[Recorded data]
+++++

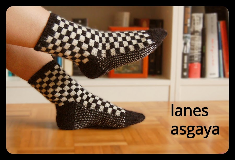 Ya sabéis lo mucho que me gusta tejer calcetines, así que cuando mi hija me pidió que le hiciera unos (muy muy raro en ella, porque nunca quiso ninguno, decía que le daban mucho calor), rápidamente me puse a ello. Tiene unos calcetos de cuadros rosas y blancos que le encantan y me preguntó si podría hacérselos de cuadros blancos y negros. Pues por supuesto
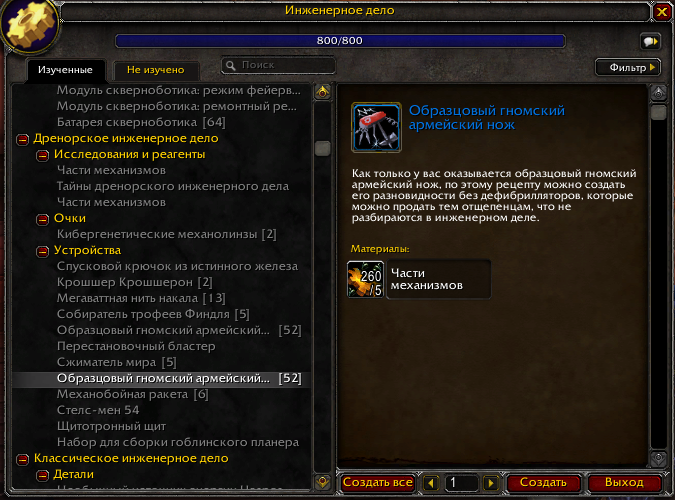 | Description | Не могу создать образцовый гномский армейский нож https://ru.wowhead.com/item=109253/%D0%BE%D0%B1%D1%80%D0%B0%D0%B7%D1%86%D0%BE%D0%B2%D1%8B%D0%B9-%D0%B3%D0%BD%D0%BE%D0%BC%D1%81%D0%BA%D0%B8%D0%B9-%D0%B0%D1%80%D0%BC%D0%B5%D0%B9%D1%81%D0%BA%D0%B8%D0%B9-%D0%BD%D0%BE%D0%B6 Пишет "пока невозможно" Обучен инженерному делу Дренора и Легиона. Ларек в гарнизоне стоит. Остальные предметы, которым обучен, могу создавать | ||||
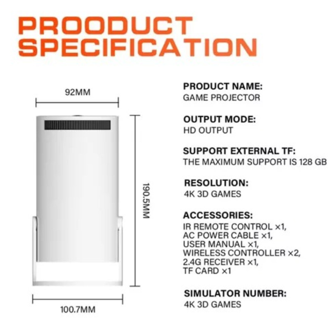 Con el Mini Proyector Consolas 2 en 1 Retro M30, llevar el entretenimiento al siguiente nivel es más fácil que nunca. Esta consola todo en uno funciona tanto como proyector para películas en alta definición como consola de videojuegos retro. Perfecto para disfrutar de películas o videojuegos en cualquier lugar, su diseño compacto y sus múltiples opciones de conectividad permiten que lo uses con facilidad, ya sea por Bluetooth, WiFi, USB o HDMI.
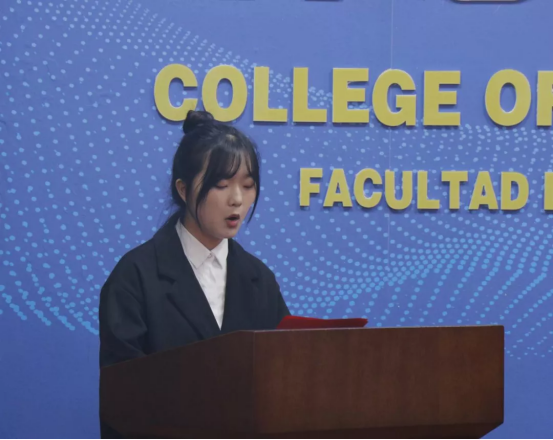 紧接着,19级电子信息工程一班王玉浩作为员工志愿者代表给大家分享了自己的感悟,她表示灾难使人痛苦,也使人成长。在灾区工作时,一个个物资从她手中传递过去,她感到的不仅是沉甸甸的爱,更是中国人民一方有难八方支援的感动。
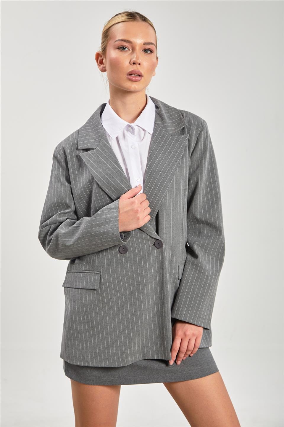 Kadın Cep Kapaklı Çizgili Blazer Ceket - Okul Gri

+++++

■ **GOAL OF THE EXERCISE**: Set down word for word the lines from the opening of the entries above through the line that contains "создавать | ||||", and omit every picture.

■ **RESPONSE AREA**:
 Ya sabéis lo mucho que me gusta tejer calcetines, así que cuando mi hija me pidió que le hiciera unos (muy muy raro en ella, porque nunca quiso ninguno, decía que le daban mucho calor), rápidamente me puse a ello. Tiene unos calcetos de cuadros rosas y blancos que le encantan y me preguntó si podría hacérselos de cuadros blancos y negros. Pues por supuesto
 | Description | Не могу создать образцовый гномский армейский нож https://ru.wowhead.com/item=109253/%D0%BE%D0%B1%D1%80%D0%B0%D0%B7%D1%86%D0%BE%D0%B2%D1%8B%D0%B9-%D0%B3%D0%BD%D0%BE%D0%BC%D1%81%D0%BA%D0%B8%D0%B9-%D0%B0%D1%80%D0%BC%D0%B5%D0%B9%D1%81%D0%BA%D0%B8%D0%B9-%D0%BD%D0%BE%D0%B6 Пишет "пока невозможно" Обучен инженерному делу Дренора и Легиона. Ларек в гарнизоне стоит. Остальные предметы, которым обучен, могу создавать | ||||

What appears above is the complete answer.